Identify the line with "The set includes"; copy word for word that line and every one after it, to the end of the listing. Exclude pictures.

★ ★ ★

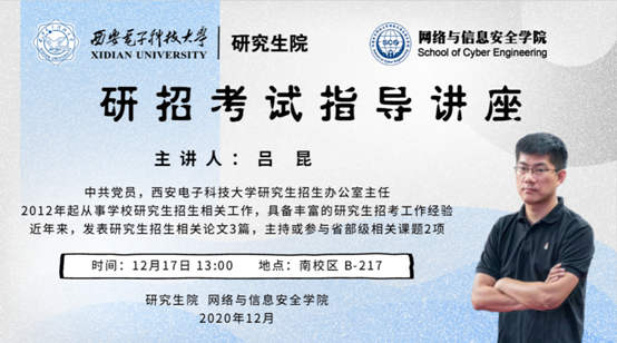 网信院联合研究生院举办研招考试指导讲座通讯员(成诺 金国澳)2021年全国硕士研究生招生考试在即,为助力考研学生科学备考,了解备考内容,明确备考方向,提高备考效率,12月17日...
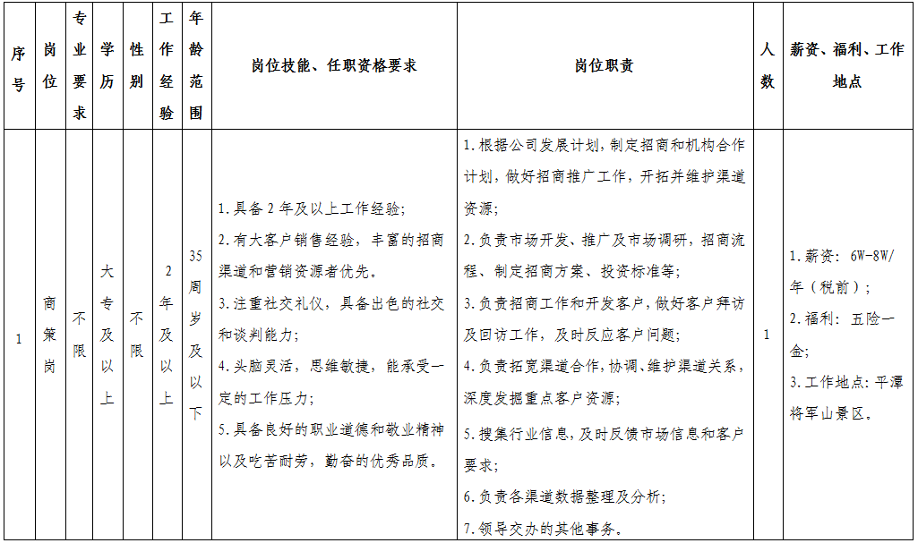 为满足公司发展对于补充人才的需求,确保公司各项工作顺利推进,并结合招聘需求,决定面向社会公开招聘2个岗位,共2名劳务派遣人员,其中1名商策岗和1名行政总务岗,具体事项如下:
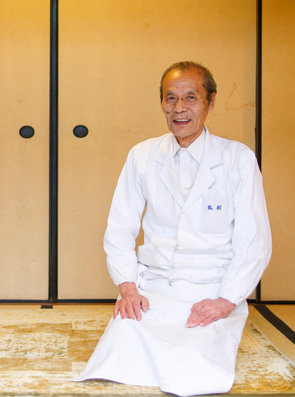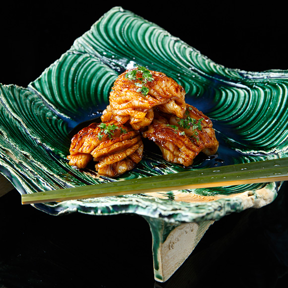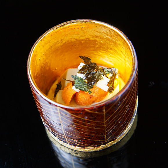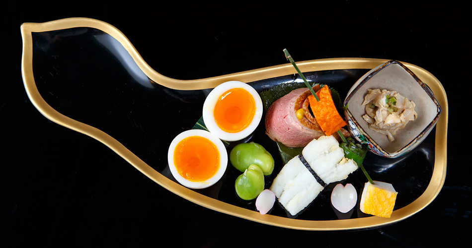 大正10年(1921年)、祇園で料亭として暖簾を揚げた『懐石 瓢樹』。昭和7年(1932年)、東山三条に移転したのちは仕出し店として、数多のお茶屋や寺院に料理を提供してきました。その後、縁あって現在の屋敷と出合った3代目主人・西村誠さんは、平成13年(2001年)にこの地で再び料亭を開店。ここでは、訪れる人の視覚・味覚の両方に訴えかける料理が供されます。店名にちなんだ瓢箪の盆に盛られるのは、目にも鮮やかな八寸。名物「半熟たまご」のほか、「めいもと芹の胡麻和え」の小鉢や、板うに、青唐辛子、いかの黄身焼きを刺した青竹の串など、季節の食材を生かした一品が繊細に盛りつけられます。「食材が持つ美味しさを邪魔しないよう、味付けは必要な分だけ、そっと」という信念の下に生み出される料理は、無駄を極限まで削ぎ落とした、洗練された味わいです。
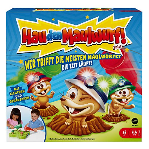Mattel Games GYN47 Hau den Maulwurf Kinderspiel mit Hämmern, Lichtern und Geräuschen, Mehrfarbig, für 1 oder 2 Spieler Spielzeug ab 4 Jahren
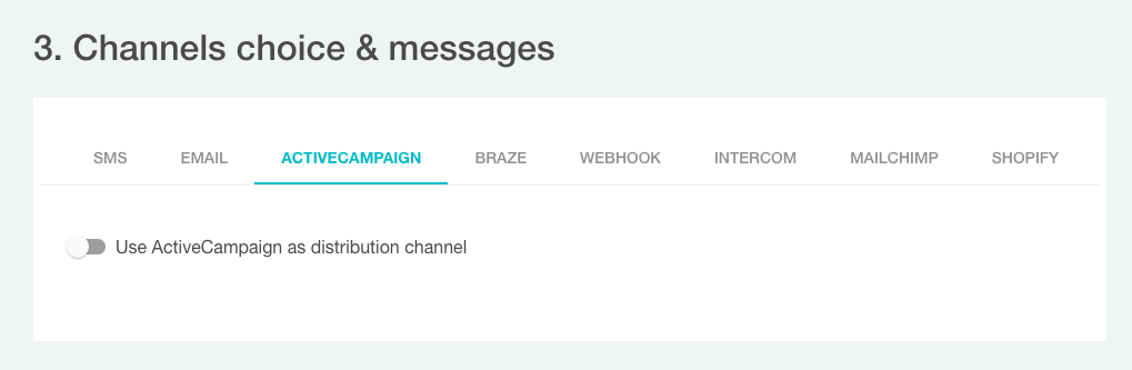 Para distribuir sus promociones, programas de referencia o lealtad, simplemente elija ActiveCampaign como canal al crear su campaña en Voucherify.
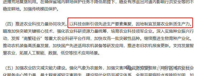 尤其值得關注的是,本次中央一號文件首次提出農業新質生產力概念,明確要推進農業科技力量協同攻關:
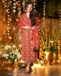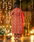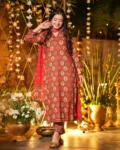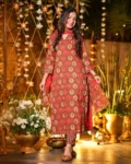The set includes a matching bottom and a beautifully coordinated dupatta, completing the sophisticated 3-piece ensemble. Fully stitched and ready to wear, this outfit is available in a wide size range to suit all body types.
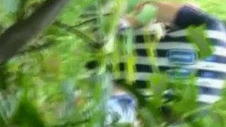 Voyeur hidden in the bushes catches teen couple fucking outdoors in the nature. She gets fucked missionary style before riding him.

★ ★ ★

- **Completed task**
The set includes a matching bottom and a beautifully coordinated dupatta, completing the sophisticated 3-piece ensemble. Fully stitched and ready to wear, this outfit is available in a wide size range to suit all body types.
 Voyeur hidden in the bushes catches teen couple fucking outdoors in the nature. She gets fucked missionary style before riding him.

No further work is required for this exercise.